The magic of data: but how do we get there?

Nurturing the human piece. Therein lies the magical rub.

The following are some lines to reflect on from: Experts: Here’s how to turn data into achievement by Dennis Pierce

“Data is about infusing classrooms with information that changes the trajectory of learning,”

“…struggled to get teachers on board with using data to inform instruction. “How can we overcome this fear?”

Changing the culture of a school system requires “a nurturance of teacher leadership,” Edwards said. He added: “If you can lift, you can push—but you have to lift first.

…such fears are a natural reaction to the use of student data “as a political device to hold people accountable” for doing their jobs.
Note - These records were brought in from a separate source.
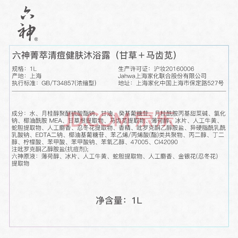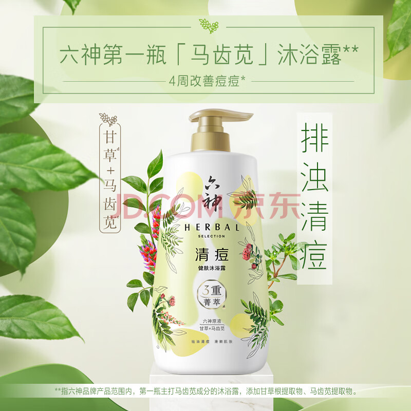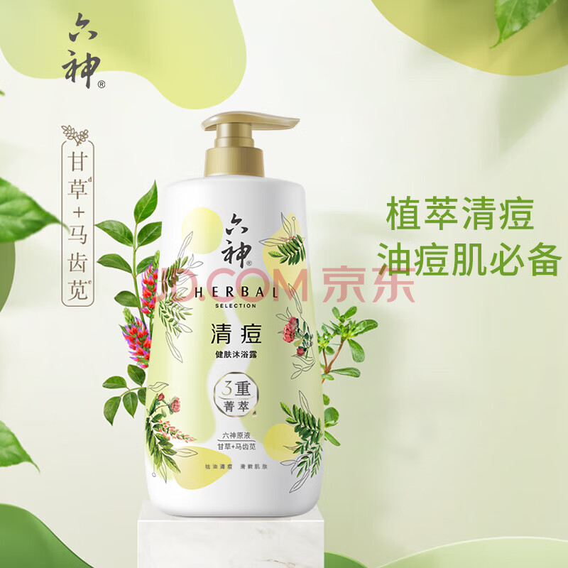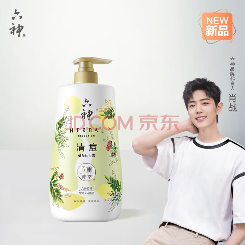商品相册:六神【肖战同款】菁萃清痘香氛沐浴露1L净痘光滑 马齿苋+甘草男士女士第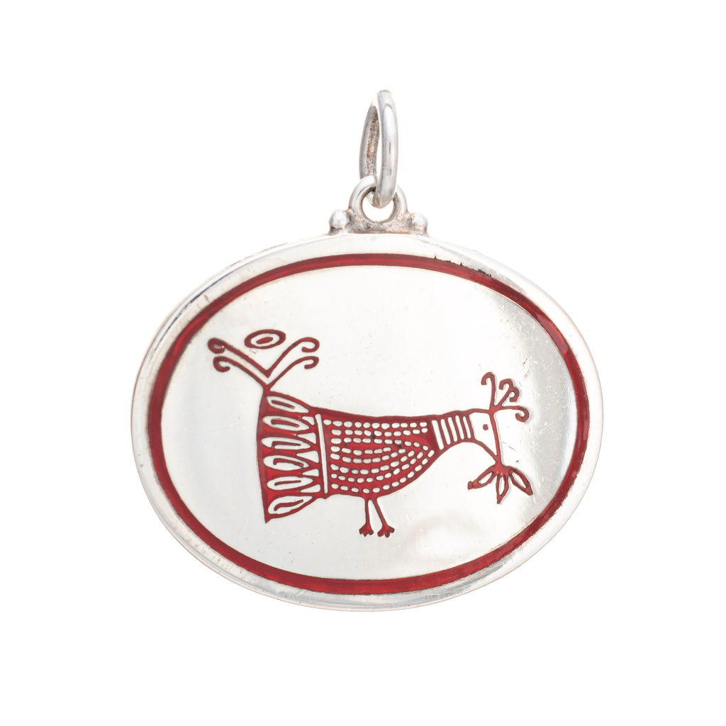 The medallion features a stylized bird in red enamel, framed with a red border. The medium sized oval medallion makes a statement and is ideal worn alone as a standout piece or layered.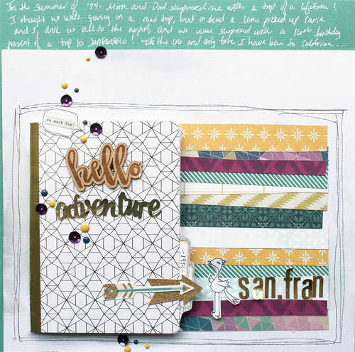 Ashli does something super creative and cute as usual. A mini book on a layout! Now, that is awesome. I love how she paired patterned paper strips with the Heidi Swapp journal. Such a good place for holding extra stories and pictures.

“We need to change the conversation from data as a hammer to data as a flashlight,” or a tool that can be used “to shine a light on what’s working” in schools.

Data in itself is just…data. It’s how it is used and trusted that can make it magical.

Finding data is pretty easy. Collating it as well. But once we get it, how do we make sure it used to make things better for our students and teachers?

The how brings us back to our core – the human element.

Why do we care about the data we collect about our schools, our teachers, and our learners?

(by the way – I love this line from the article –> If you can lift, you can push. But you have to lift first.)


  • Tracy Rosen says:

    Hi Damien and thanks for your comment. I’m curious as well. We are just starting our journey with data and it is really on a small scale. At this point we are am trying to pull things together with excel spreadsheets to get a bigger picture.

    What are you planning to with the data once you get it into charts and the like? I’d love to hear what others are doing as well.

  • Damien says:

    Great points here. I struggle with getting the analog data (paper) into charts and disaggregating software. My school uses EADMS and Renaissance Learning. There are periodical benchmarks for which bubble sheets or online tests are provided but otherwise, it’s up to the teachers to manage the rest on our own. I’d be curious to read how others out there are inputting and processing their data.